July 9, 2014

USC Stem Cell and the USC Norris Comprehensive Cancer Center accelerate drug discovery

(Image courtesy of the National Institutes of Health)

(Image courtesy of the National Institutes of Health)

By Cristy Lytal

Three teams of USC stem cell researchers have won a coveted prize — the opportunity to test 3,000 drug candidates or chemicals for the potential to help patients. Two teams will focus their efforts on cancer, and the third team will search for ways to accelerate the healing of large bone fractures.

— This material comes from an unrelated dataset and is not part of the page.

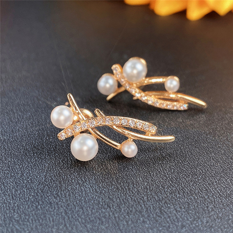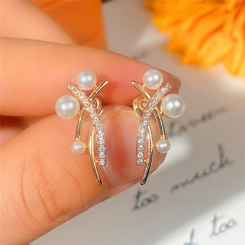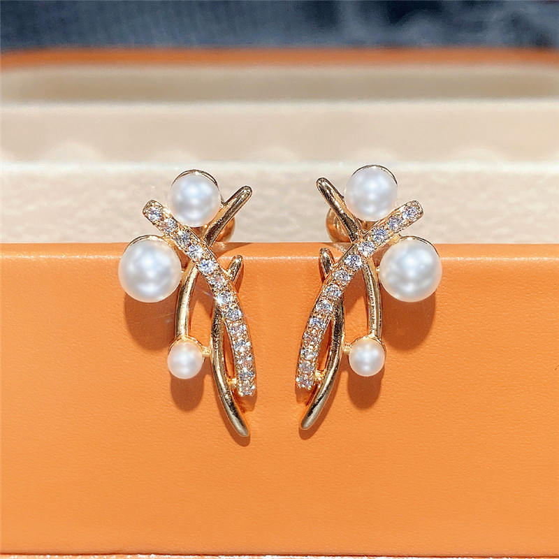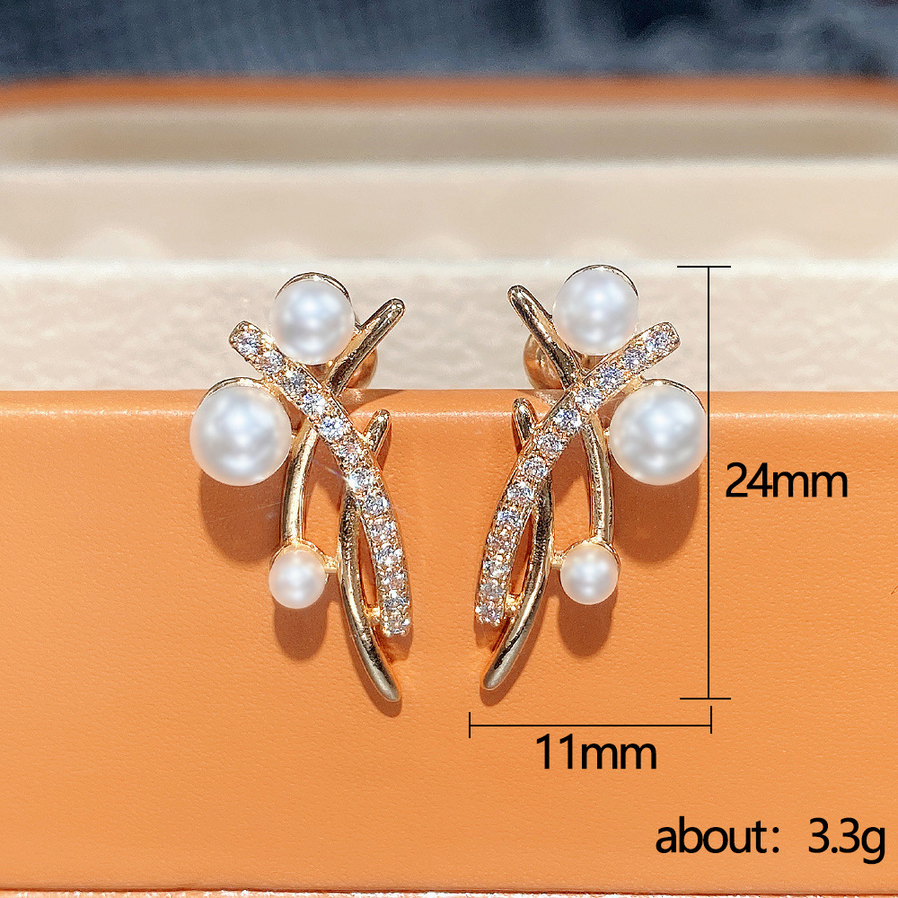 Retro fashion earrings Baroque cross line imitation pearl earrings women's tassel diamond super fairy earrings

The free screens will take place at the new Choi Family Therapeutic Screening Facility, part of the Eli and Edythe Broad Center for Regenerative Medicine and Stem Cell Research at USC. Andy McMahon, director of the stem cell research center, is sponsoring the bone repair project, and Stephen Gruber, director of the USC Norris Comprehensive Cancer Center, is sponsoring the two cancer-related screens.

The bone repair project brings together Gage Crump and Francesca Mariani, two principal investigators at USC’s stem cell research center. They will test a variety of chemicals to see which ones encourage cartilage progenitors to develop into “ossifying chondrocytes,” a special type of cell that promotes bone growth. Such chemicals would hold promise for healing large fractures in patients.

A second project led by Shou-Jiang Gao, professor of Molecular Microbiology and Immunology at the USC Norris Comprehensive Cancer Center, is seeking new treatments for a group of tumors and cancers caused by Karposi’s sarcoma-associated herpesvirus, or KSHV. The goal is to use the screening facility to find potential drugs that inhibit or kill tumor or cancer cells, but have no effect on healthy cells.

Amy S. Lee, professor of Biochemistry and Molecular Biology at the USC Norris Comprehensive Cancer Center, is heading up the third project. Her team will use the screening facility in their quest for potential drugs to suppress a cancer-promoting protein called GRP78. The protein plays a major role in the growth and survival of a wide variety of cancers, including pancreatic adenocarcinoma.

Courtesy of McMahon and Gruber, all of these researchers will have complimentary access to the screening facility’s extensive chemical libraries, state-of-the-art equipment and trained technicians. The screening facility was recently established with a generous donation from The Choi Family Trust.

“Drs. McMahon and Gruber have sponsored these free screens to encourage translational research at USC,” said Justin Ichida, director of the screening facility and principal investigator at the stem cell research center. “Their goal is simple: transforming today’s discoveries into tomorrow’s cures.”